Pero venía contando que a Jesús se le notaba ese algo especial. Qué campesino tan particular, me decía yo en las primeras entrevistas, cómo explica de bien todo, hay que traer a más turistas aquí, pensaba para mí.

¡Pero claro!, cultivador, investigador, pedagogo, coordinador de procesos, formulador y gestor de proyectos, si todo eso era Jesús; y fue su compañera la que tuvo que venir a abrirme los ojos, porque yo todavía no bajaba del asombro ante su solvencia explicativa atribuida tontamente por mí a un milagro, o a las propiedades de la tierra bajo sus pies, o a la calidad del aire que respiraba este campesino único llamado Jesús Pedraza.

Fue en la última cita que tuve ocasión de conversar extensamente con su esposa, nuestra última reunión efectivamente realizada, ya que para la siguiente visita programada la pandemia que volteó el mundo patas arriba y todavía nos tiene así, en modo coronavirus, vino a dar al traste con mis propósitos de verlo una vez más.

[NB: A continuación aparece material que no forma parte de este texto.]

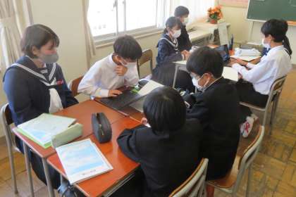 1年・授業風景 公開日 2023/05/02 更新日 2023/05/02 1学年 5月2日(火) 1限 明日からGW後半(5連休)に入りますが、落ち着いて授業に臨んでいます。 (写真 上:1年2組 理科「生物の分類」) (写真 中:1年3組 英語「できることをたずねよう」) (写真 下:1年4組 家庭科「何のために食事をするの?」)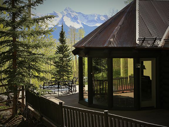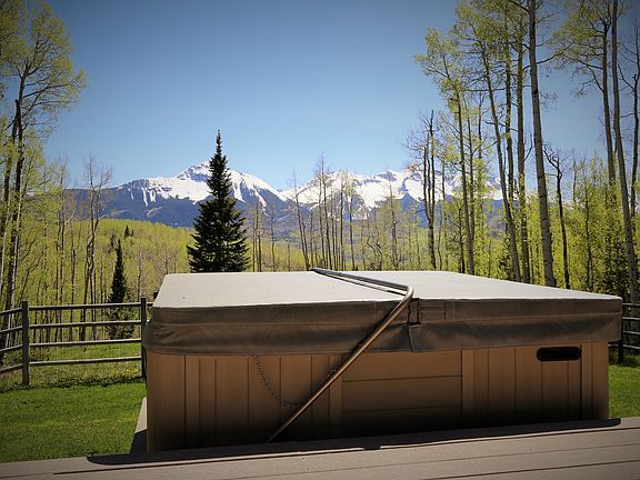 Unparalleled end-of-road private compound with direct hiking access to National Forest and some of the Best Stay-at-Home views in the Ranches . Main House and Guest House are situated on top of a knoll surrounded by Aspen meadows with all-day sunshine and dramatic views of the Wilson/Sunshine mountains . Sun sets on Utah .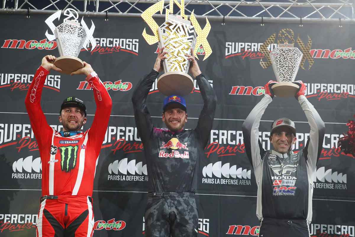Eli Tomac - Yamaha, Ken Roczen - Honda et Justin Brayton - Honda (photo www.supercrossparis.com)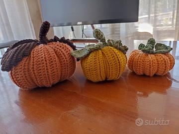 3 zucche decorative realizzate a mano all'uncinetto da me.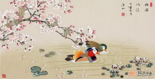 “愿做鸳鸯不羡仙。”满树桃花怒放,花瓣随风飘落,水中莲花盛开,一对鸳鸯戏水,波纹微微向后划行着,样子可爱,姿态优雅恩爱有加,这幅充满诗情画意的画挂在卧室,那真是美妙绝伦啊,如果是夫妻双方的卧室,还可以寓意夫妻和睦,幸福生活呢。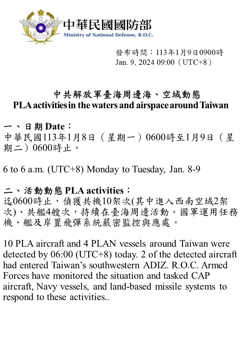 迄0600時止,偵獲共機10架次(其中進入西南空域2架次)、共艦4艘次,持續在臺海周邊活動。國軍運用任務機、艦及岸置飛彈系統嚴密監控與應處。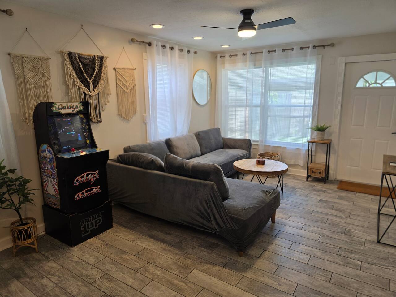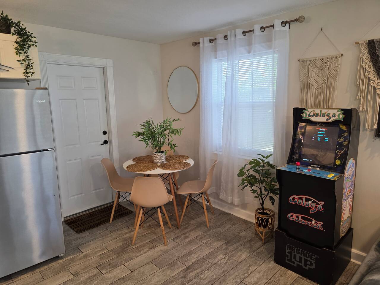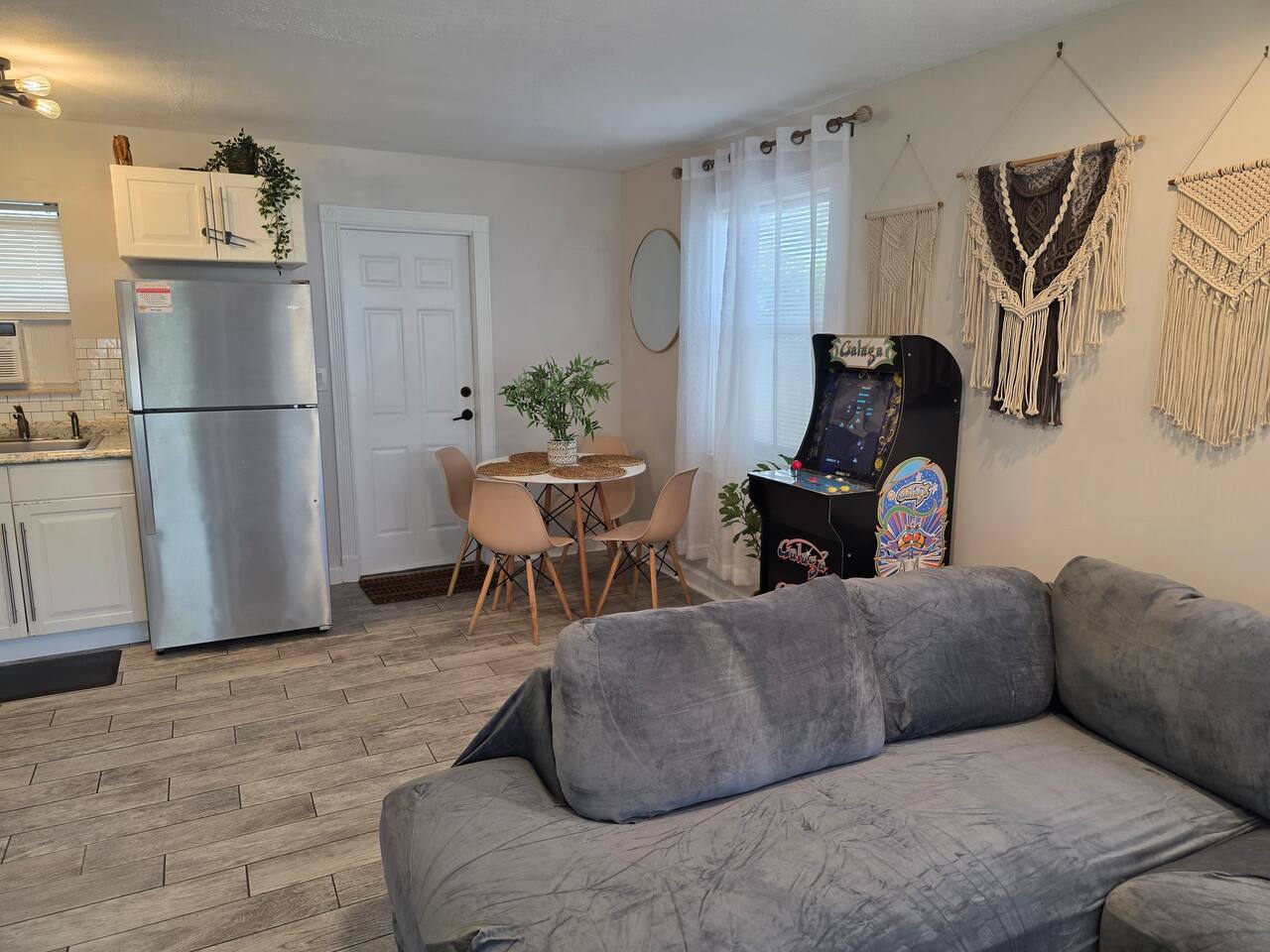 **SPACE WAS RECENTLY REFRESHED AND FEATURES A GALAGA ARCADE GAME** SLEEPING & COMFORT: - Comfortable King-sized bed - Convertible chair that pulls out to a twin-sized bed - Two powerful, individually controlled A/C units - Ceiling fans and dimmable lighting KITCHEN & DINING: - Fully equipped kitchen with pots, pans, and seasonings - Full-sized refrigerator, stove, oven, and microwave - Coffee station with drip coffee maker and french press - Dining table with seating for four BATH & CONVENIENCES: - Full bathroom with a shower and new ventilation fan - Hair dryer, iron, and ironing board WORK & OUTDOOR: - Dedicated workspace for remote work - Fast, free Wi-Fi (426 Mbps) - Gated patio with string lights and seating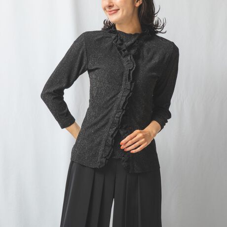 楊柳見えのシャーリングを掛けたカットソー素材を使用したカットソーフリルブラウス。さりげないラメが入っていているのが特徴的。比翼仕立ての前開きなのでこれからの時期、羽織としても活躍。同素材のシャーリングカットソーノースリーブプルオーバー(30-21-35-916)とアンサンブルとしても着用可能です。\n\n・透け感あり\n・ストレッチあり\n・カラー展開はグレー、ブラック、ブルー\n・サイズ展開は1(M)9号・3(2L)13号

Un poco atontada todavía por la velocidad de las circunstancias, por la violencia del cambio que se nos ha impuesto, en este encierro que para mí ya completa 21 días, recuerdo el último mensaje de Jesús enviado por whatsapp en relación a nuestro compromiso: “estoy un poco indispuesto”, me dijo. Y yo entendí que podría ser que sus hijos o su pareja le hubieran advertido de los riesgos que corría, hombre ya mayor, si me recibía con mi visitante que, aunque llegado de Los Ángeles, igual era un turista y francés, para colmo de males. Y eso en tiempo de coronaparanoía hizo que todas nuestras visitas fueran canceladas, no solo la de la finca cafetera en Pijao, sino la del chocolate Santo Aroma en Belálcazar Caldas, y otras tantas parecidas.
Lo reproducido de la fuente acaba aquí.